Decoding rising airfares in India

We all know that airfares are increasing. We can feel that we are paying much more to fly than we were a couple of years ago, or even twelve months ago. But exactly how much have airfares increased over the past couple of years, and why? We decided to try and find out by looking at some hard data, and came up with some interesting conclusions.

The one reason airlines cite most often for rising airfares is the increasing price of aviation turbine fuel (ATF). We plotted the average monthly one way fare for Delhi to Mumbai (arguably the most popular domestic sector in India) against the average monthly wholesale price index (WPI) of aviation turbine fuel, for the period between January 2009 and August 2012. And we did find a pretty strong correlation between the two, with a significant positive correlation coefficient of 0.67. But there’s more going on beneath the surface.

We found three key shifts in airfare during this period – in October 2009, November 2011 and May 2012. And they mapped pretty neatly to three key events at these times, which had a significant and long-lasting effect on airfares.
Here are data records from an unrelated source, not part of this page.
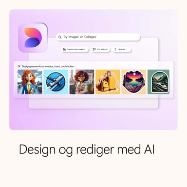 Bring dine ideer til live med kraftfulde AI-funktioner1 og værktøjer i Microsoft 365. Generer unikke design, og rediger dine billeder i Designer. Lav professionelle videoer i Clipchamp. Overvind skriveblokeringer, og del selvsikkert dine tanker med Copilot1 ved din side i Word.
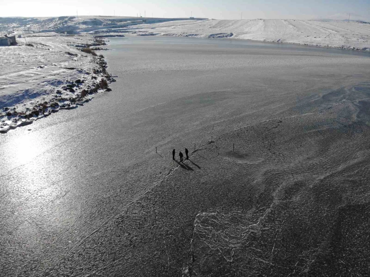 Doğu Anadolu’nun en büyük 2’inci gölü olan, Çıldır Gölü’nün bir kısmı dondu. Mavi ile beyazın buluştuğu donan Çıldır Gölü havadan görüntülendi.
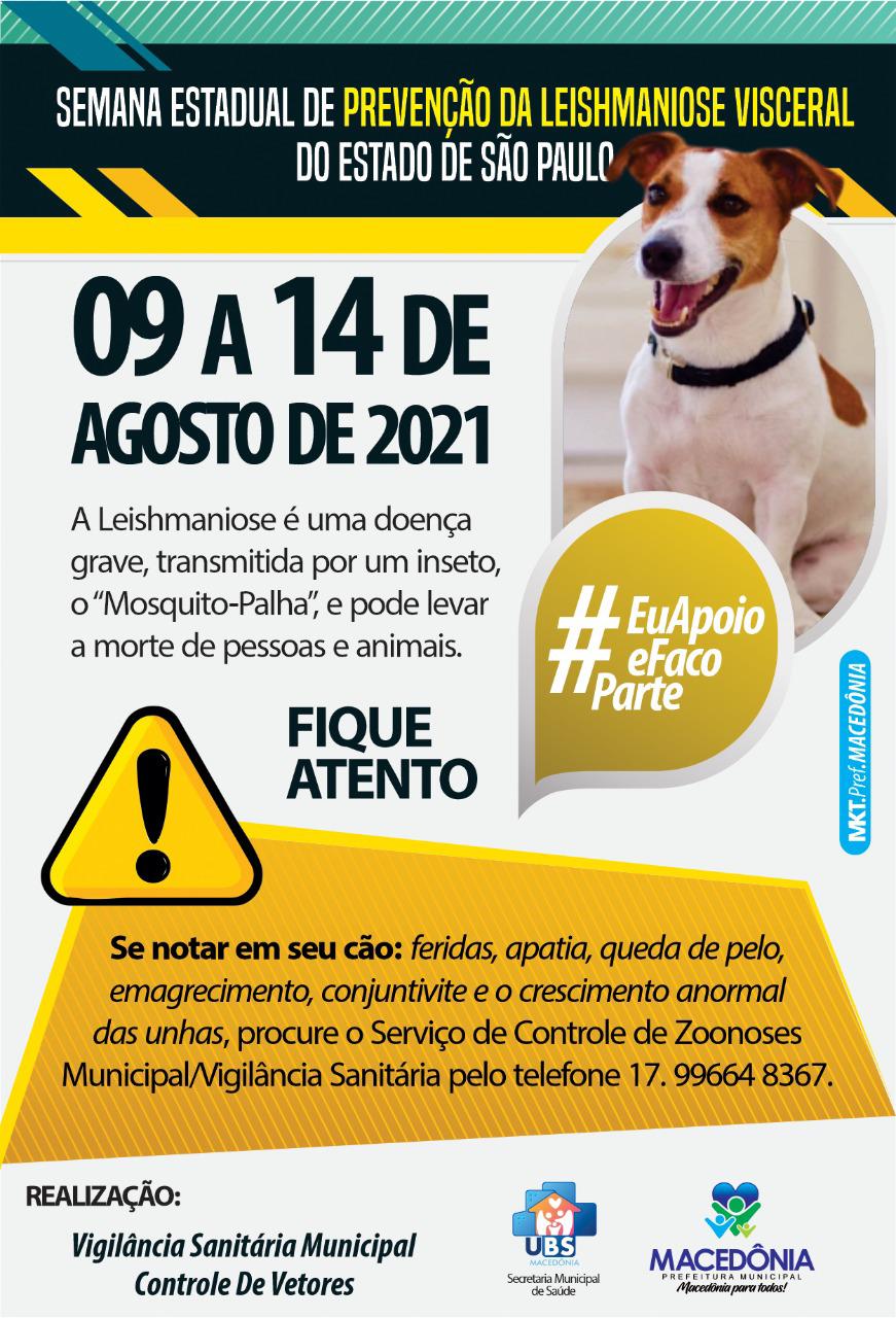 O município de Macedônia em parceria com a Vigilância Sanitária Municipal, Controle de Vetores, Secretaria Municipal de Saúde, promovem a Semana estadual de prevenção da Leishmaniose visceral do estado de São Paulo, do dia 9 a 14 de agosto.
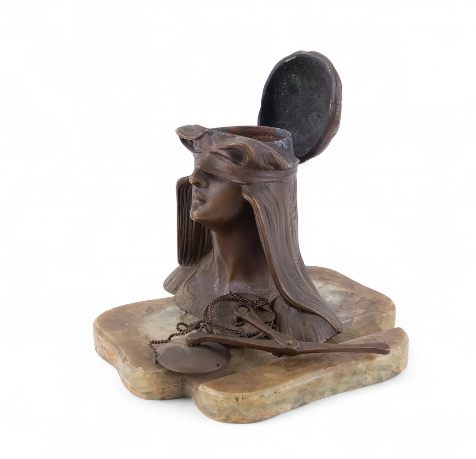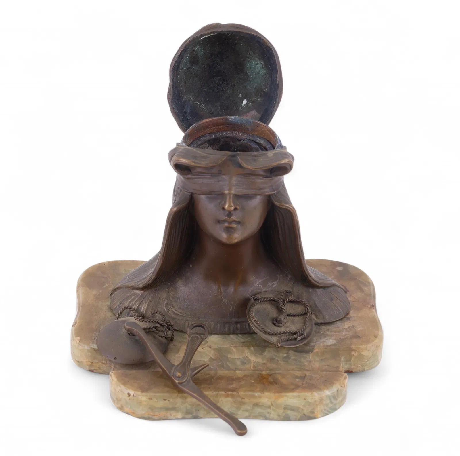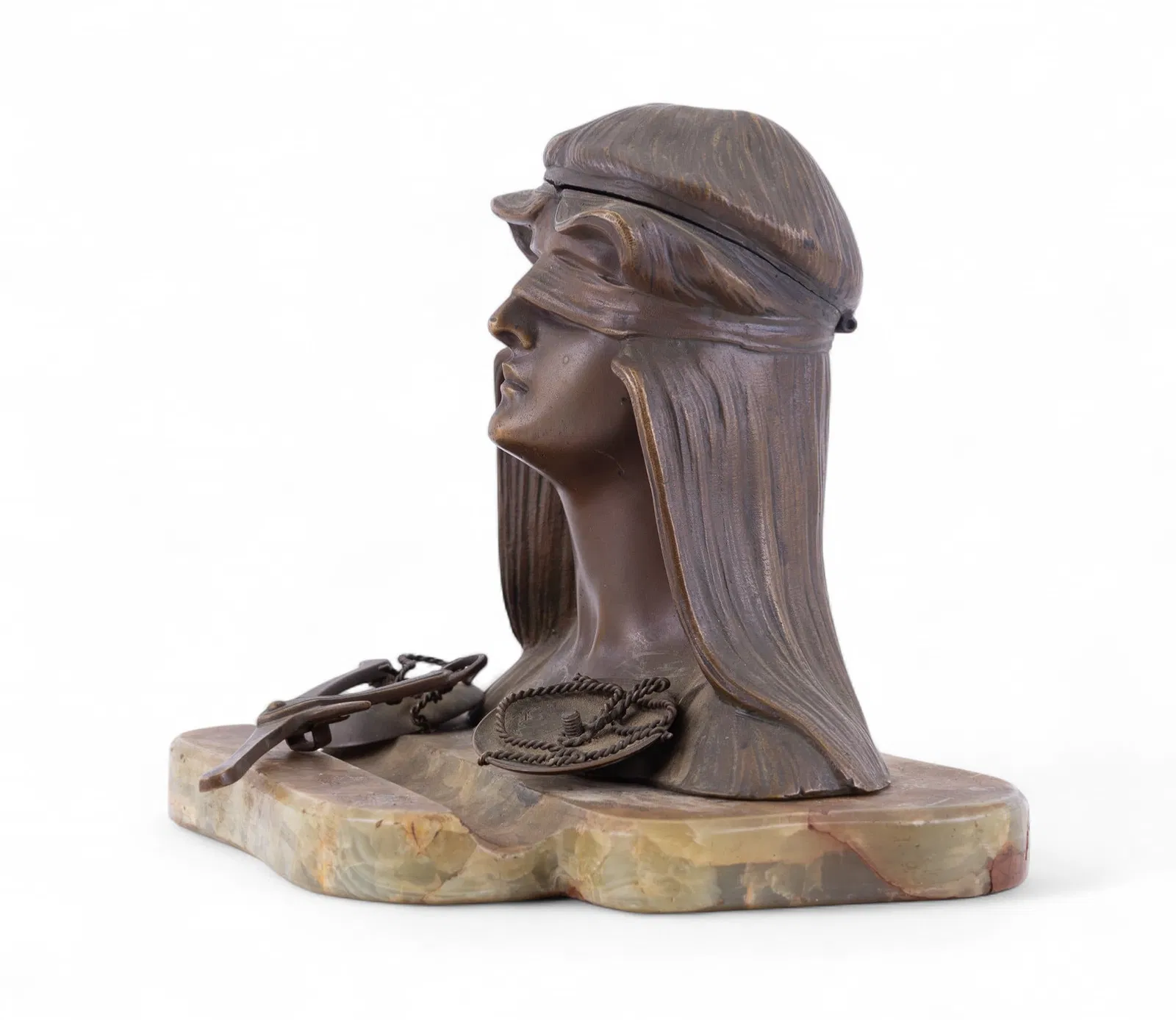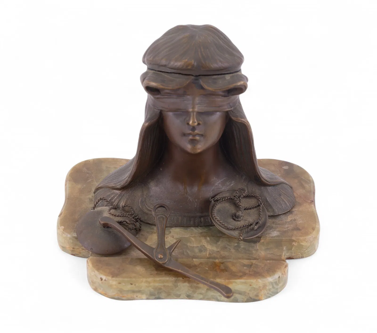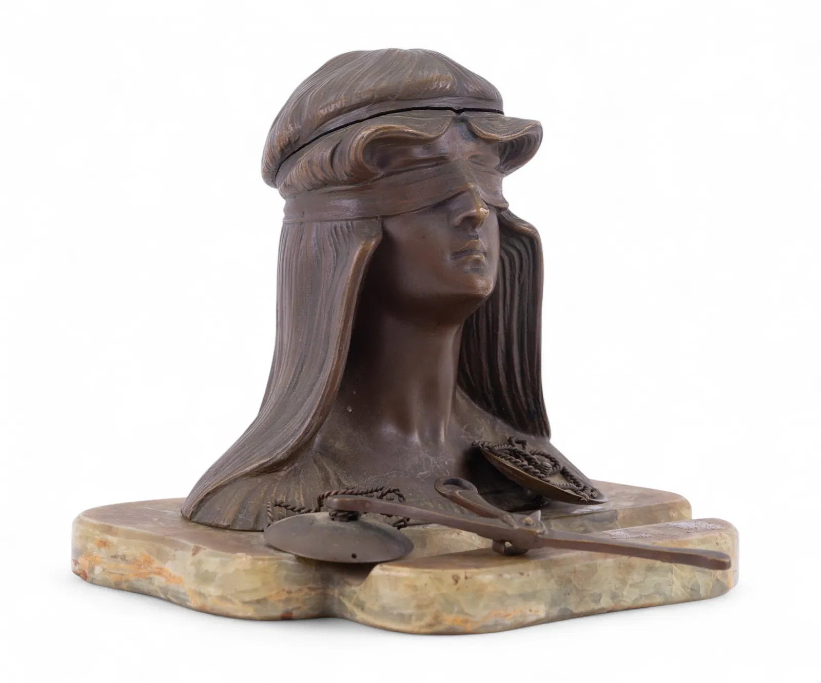 This figural inkwell, cast in bronze, is a representation of Lady Justice, who is recognizable by her blindfold, which signifies impartiality. She has a serene expression, and her hair is depicted as flowing gracefully over her shoulders. The top of her head is hinged, allowing it to open and reveal the internal inkwell. The bust rests on a marble base, which features a channel in the front to serve as a pen rest.
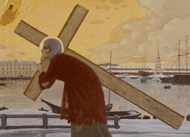 Ища правды распятого Христа, блаженные и сами распяли себя и пронесли через свою жизнь поистине великий крест трудов, скорбей и испытаний. Трудно даже представить себе, что претерпела блаженная Ксения за долгие годы страннической бездомной жизни в Петербурге. Лютые и долгие северные морозы, голод, болезни, насмешки, оскорбления, побои… Эту великую чашу страданий она выпила до дна. В Евангелии сказано, что Христос победил мир и что Его верные последователи также побеждают мир. Что означает – победить мир? Для христианина победить мир означает сохранить свою любовь и единение со Христом, пронеся эту любовь через все скорби, страдания и тьму века сего, а нередко и через открытую вражду и злобу, с которыми мир обрушивается на истинных последователей Христовых. Так побеждали мир святые апостолы, с радостью шедшие на смерть за проповедь Евангелия. Так побеждали мир мученики первых веков, на которых мир обрушивался поистине с дьявольской злобой, но эта злоба не смогла угасить пламени их любви ко Христу. Так побеждали мир и Христа ради юродивые, пронесшие свою любовь через великий подвиг скорбей и испытаний.
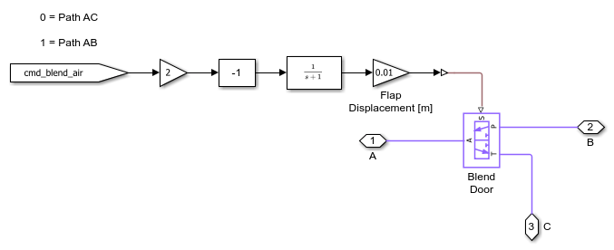 The blend door is modeled as two restrictions operating in the opposite manner. In cold loop mode, the two blend doors direct cabin air to pass through the evaporator and bypass the inner condenser. In heat pump mode, the two blend doors direct cabin air to pass through the inner condenser and bypass the evaporator.
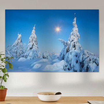 Never wait for it to snow again. Buy a snowy landscape painting or photo print for your wall. Go for snow wall art on canvas or an ice painting with snow as indoor wallpaper. The beautiful art prints of snowy mountains are also an all-time favourite as wall art, especially when printed on acrylic glass.
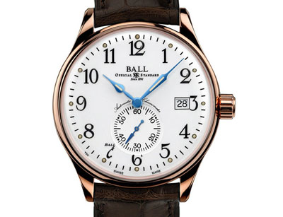 Chronometer)字樣,證明此腕表的精準(zhǔn)機芯已獲瑞士天文臺(COSC)認(rèn)證。此外,此表款的所有特征,包括阿拉伯?dāng)?shù)字的刻度、白色搪瓷面盤、經(jīng)過特別切割的指針及在六點鐘位置的小面盤,其設(shè)計靈感來自品牌首枚由鐵路人員佩戴的短表煉懷表。而面盤上「7」時的字樣刻度更是由品牌名稱「Ball
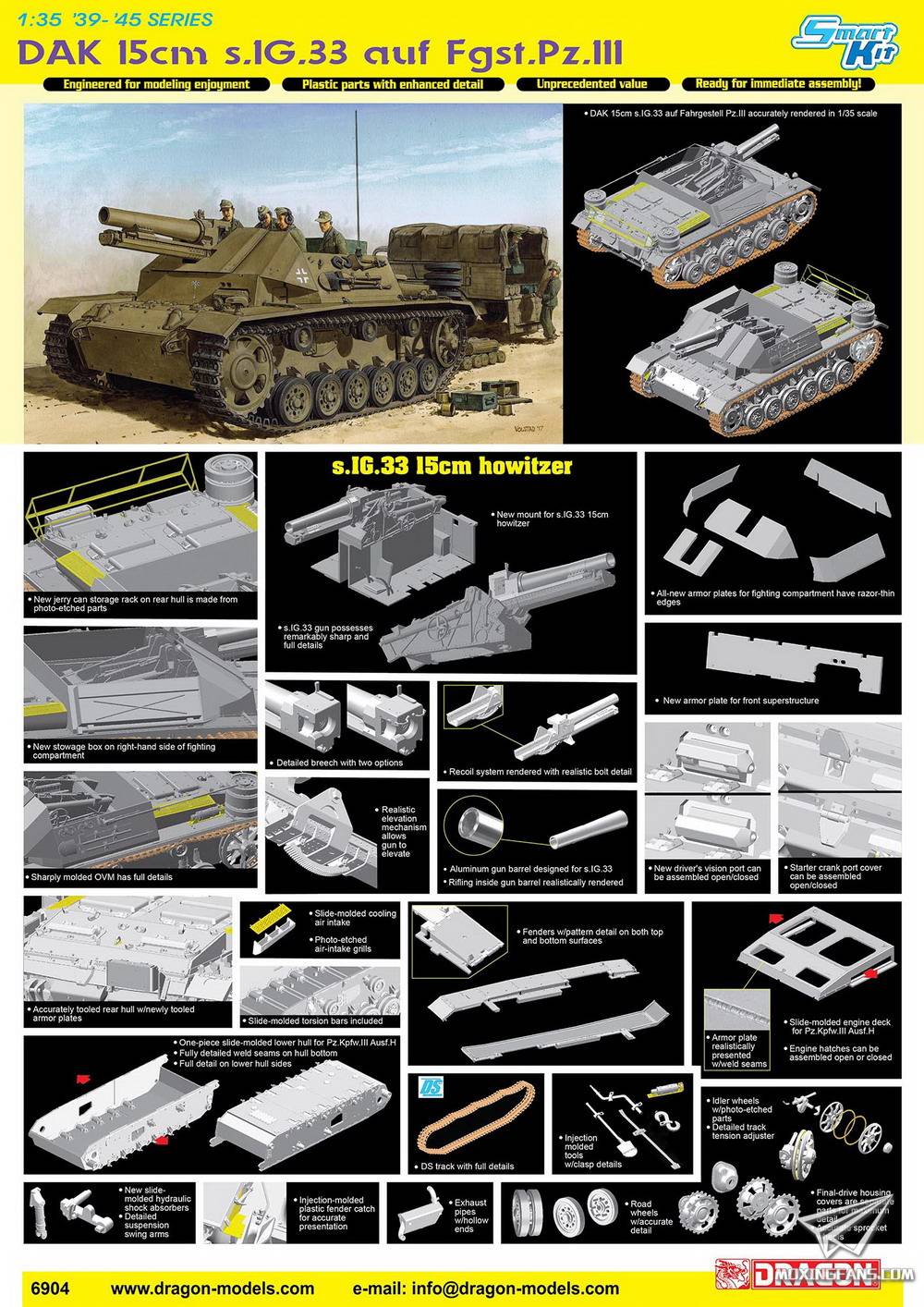 【威龙 6904】1/35 德国三号150mm sIG33自行火炮北非沙漠改型板件图和说明书

In September 2009, Jet Airways suffered a 5-day strike by nearly half of its pilots. The other airlines raked in the moolah at Jet Airways’ expense, by increasing ticket prices for last-minute flyers. In October 2009, the average Delhi-Mumbai one-way fare breached the Rs 4,000 mark. And although this was not the first time it did so, airfares have never fallen below Rs 4,000 since (except very briefly in July 2011). The COO of one airline summed it up nicely, saying “All the industry needs is for one major airline to go out of business, and the rest of us will be fine.”

Those words turned out to be particularly prescient, at least as far as airfares were concerned. Just over two years later, in November 2011, Kingfisher’s debt and karma caught up with the airline, and it started cutting capacity in earnest. Once again, the other airlines decided to make hay while the sun shines, and Delhi-Mumbai one-way fare crossed Rs 5,000, never to look back. With one major airline looking likely to go out of business, the others started being fine.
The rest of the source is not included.